= Task brief =
Each record below needs to be reproduced precisely, though not its pictures.

++++ Recorded information ++++

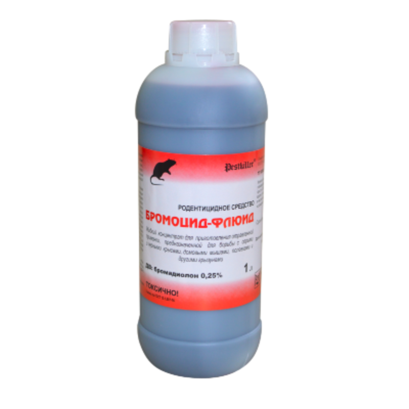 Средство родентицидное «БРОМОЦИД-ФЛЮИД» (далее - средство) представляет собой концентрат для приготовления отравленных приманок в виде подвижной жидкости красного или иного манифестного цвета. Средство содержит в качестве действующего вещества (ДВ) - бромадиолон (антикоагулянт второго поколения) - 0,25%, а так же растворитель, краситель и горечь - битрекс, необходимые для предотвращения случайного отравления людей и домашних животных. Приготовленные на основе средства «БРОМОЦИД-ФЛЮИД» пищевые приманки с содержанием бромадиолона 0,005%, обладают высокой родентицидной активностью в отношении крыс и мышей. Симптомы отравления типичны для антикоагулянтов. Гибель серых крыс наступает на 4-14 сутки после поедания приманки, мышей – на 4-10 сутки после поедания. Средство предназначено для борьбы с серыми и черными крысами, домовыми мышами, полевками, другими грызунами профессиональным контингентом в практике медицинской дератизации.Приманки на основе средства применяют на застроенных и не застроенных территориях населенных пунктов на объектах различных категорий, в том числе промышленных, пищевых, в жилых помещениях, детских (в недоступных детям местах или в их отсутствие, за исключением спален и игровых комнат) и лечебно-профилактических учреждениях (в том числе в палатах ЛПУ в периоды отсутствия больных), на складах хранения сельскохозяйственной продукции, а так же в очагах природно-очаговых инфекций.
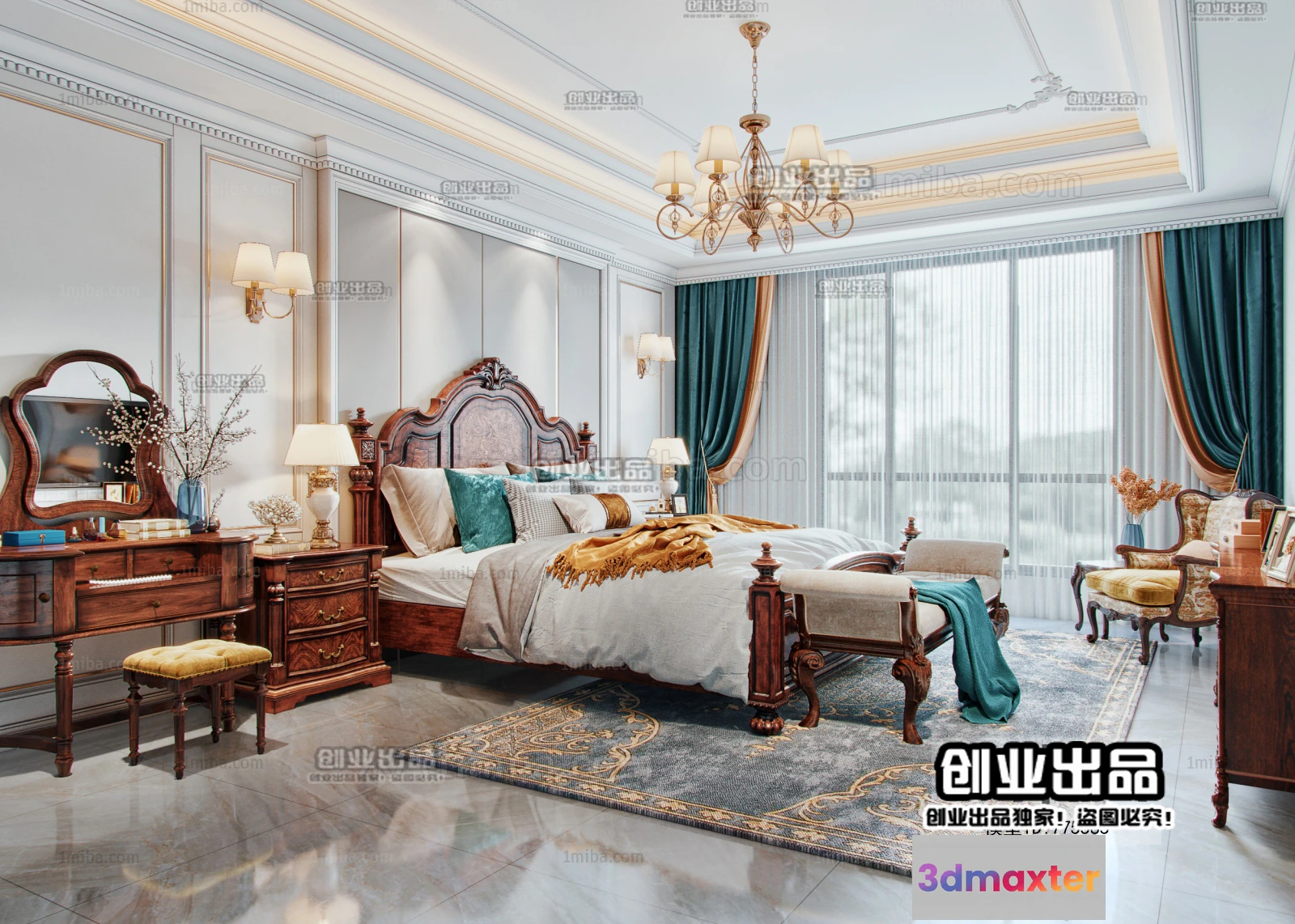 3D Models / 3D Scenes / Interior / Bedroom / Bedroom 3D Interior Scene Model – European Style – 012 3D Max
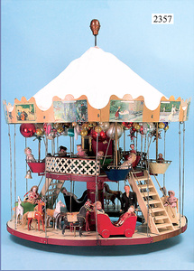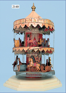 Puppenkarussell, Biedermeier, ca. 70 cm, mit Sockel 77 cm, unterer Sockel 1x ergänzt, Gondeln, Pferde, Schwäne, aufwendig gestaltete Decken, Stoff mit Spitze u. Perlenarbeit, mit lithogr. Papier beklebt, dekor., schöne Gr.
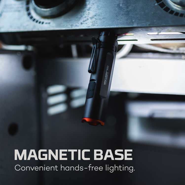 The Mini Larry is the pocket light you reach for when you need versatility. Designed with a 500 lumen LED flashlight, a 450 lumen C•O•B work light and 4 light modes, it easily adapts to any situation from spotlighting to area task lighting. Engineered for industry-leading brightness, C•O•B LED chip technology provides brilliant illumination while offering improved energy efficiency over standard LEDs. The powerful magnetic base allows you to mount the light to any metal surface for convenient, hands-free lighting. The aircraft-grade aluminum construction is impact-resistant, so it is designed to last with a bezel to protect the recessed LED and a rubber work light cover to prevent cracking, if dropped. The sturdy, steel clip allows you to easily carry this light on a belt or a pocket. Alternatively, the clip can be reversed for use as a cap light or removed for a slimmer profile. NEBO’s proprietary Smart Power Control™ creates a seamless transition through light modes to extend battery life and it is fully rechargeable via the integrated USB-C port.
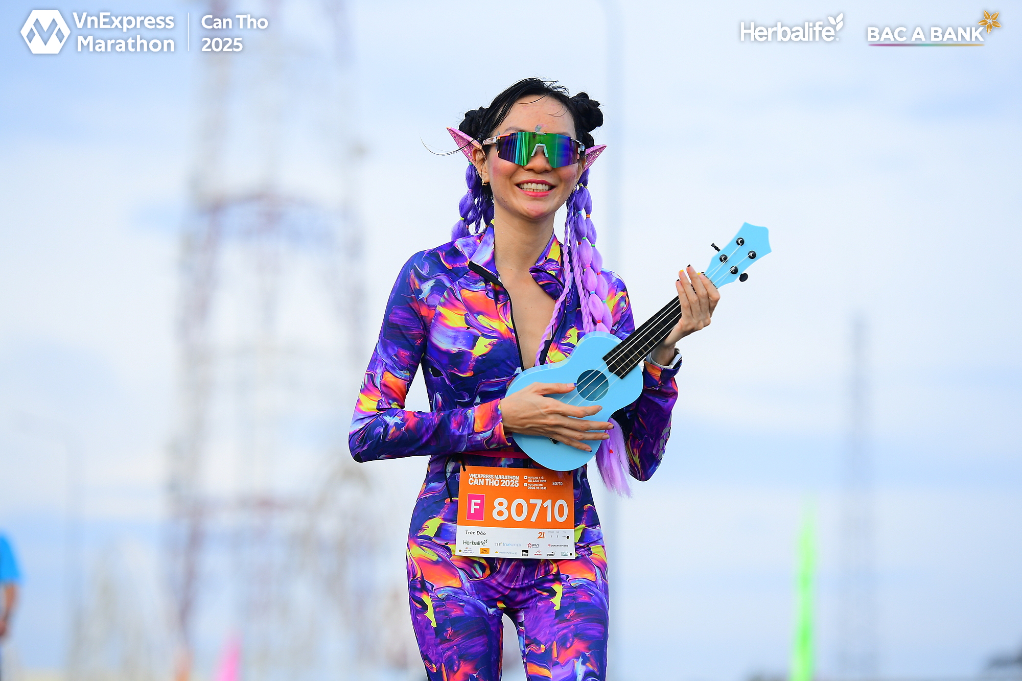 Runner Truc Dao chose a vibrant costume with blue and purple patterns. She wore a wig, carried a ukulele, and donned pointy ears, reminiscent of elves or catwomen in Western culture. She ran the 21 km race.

++++

= Exercise result =
 Средство родентицидное «БРОМОЦИД-ФЛЮИД» (далее - средство) представляет собой концентрат для приготовления отравленных приманок в виде подвижной жидкости красного или иного манифестного цвета. Средство содержит в качестве действующего вещества (ДВ) - бромадиолон (антикоагулянт второго поколения) - 0,25%, а так же растворитель, краситель и горечь - битрекс, необходимые для предотвращения случайного отравления людей и домашних животных. Приготовленные на основе средства «БРОМОЦИД-ФЛЮИД» пищевые приманки с содержанием бромадиолона 0,005%, обладают высокой родентицидной активностью в отношении крыс и мышей. Симптомы отравления типичны для антикоагулянтов. Гибель серых крыс наступает на 4-14 сутки после поедания приманки, мышей – на 4-10 сутки после поедания. Средство предназначено для борьбы с серыми и черными крысами, домовыми мышами, полевками, другими грызунами профессиональным контингентом в практике медицинской дератизации.Приманки на основе средства применяют на застроенных и не застроенных территориях населенных пунктов на объектах различных категорий, в том числе промышленных, пищевых, в жилых помещениях, детских (в недоступных детям местах или в их отсутствие, за исключением спален и игровых комнат) и лечебно-профилактических учреждениях (в том числе в палатах ЛПУ в периоды отсутствия больных), на складах хранения сельскохозяйственной продукции, а так же в очагах природно-очаговых инфекций.
 3D Models / 3D Scenes / Interior / Bedroom / Bedroom 3D Interior Scene Model – European Style – 012 3D Max
 Puppenkarussell, Biedermeier, ca. 70 cm, mit Sockel 77 cm, unterer Sockel 1x ergänzt, Gondeln, Pferde, Schwäne, aufwendig gestaltete Decken, Stoff mit Spitze u. Perlenarbeit, mit lithogr. Papier beklebt, dekor., schöne Gr.
 The Mini Larry is the pocket light you reach for when you need versatility. Designed with a 500 lumen LED flashlight, a 450 lumen C•O•B work light and 4 light modes, it easily adapts to any situation from spotlighting to area task lighting. Engineered for industry-leading brightness, C•O•B LED chip technology provides brilliant illumination while offering improved energy efficiency over standard LEDs. The powerful magnetic base allows you to mount the light to any metal surface for convenient, hands-free lighting. The aircraft-grade aluminum construction is impact-resistant, so it is designed to last with a bezel to protect the recessed LED and a rubber work light cover to prevent cracking, if dropped. The sturdy, steel clip allows you to easily carry this light on a belt or a pocket. Alternatively, the clip can be reversed for use as a cap light or removed for a slimmer profile. NEBO’s proprietary Smart Power Control™ creates a seamless transition through light modes to extend battery life and it is fully rechargeable via the integrated USB-C port.
 Runner Truc Dao chose a vibrant costume with blue and purple patterns. She wore a wig, carried a ukulele, and donned pointy ears, reminiscent of elves or catwomen in Western culture. She ran the 21 km race.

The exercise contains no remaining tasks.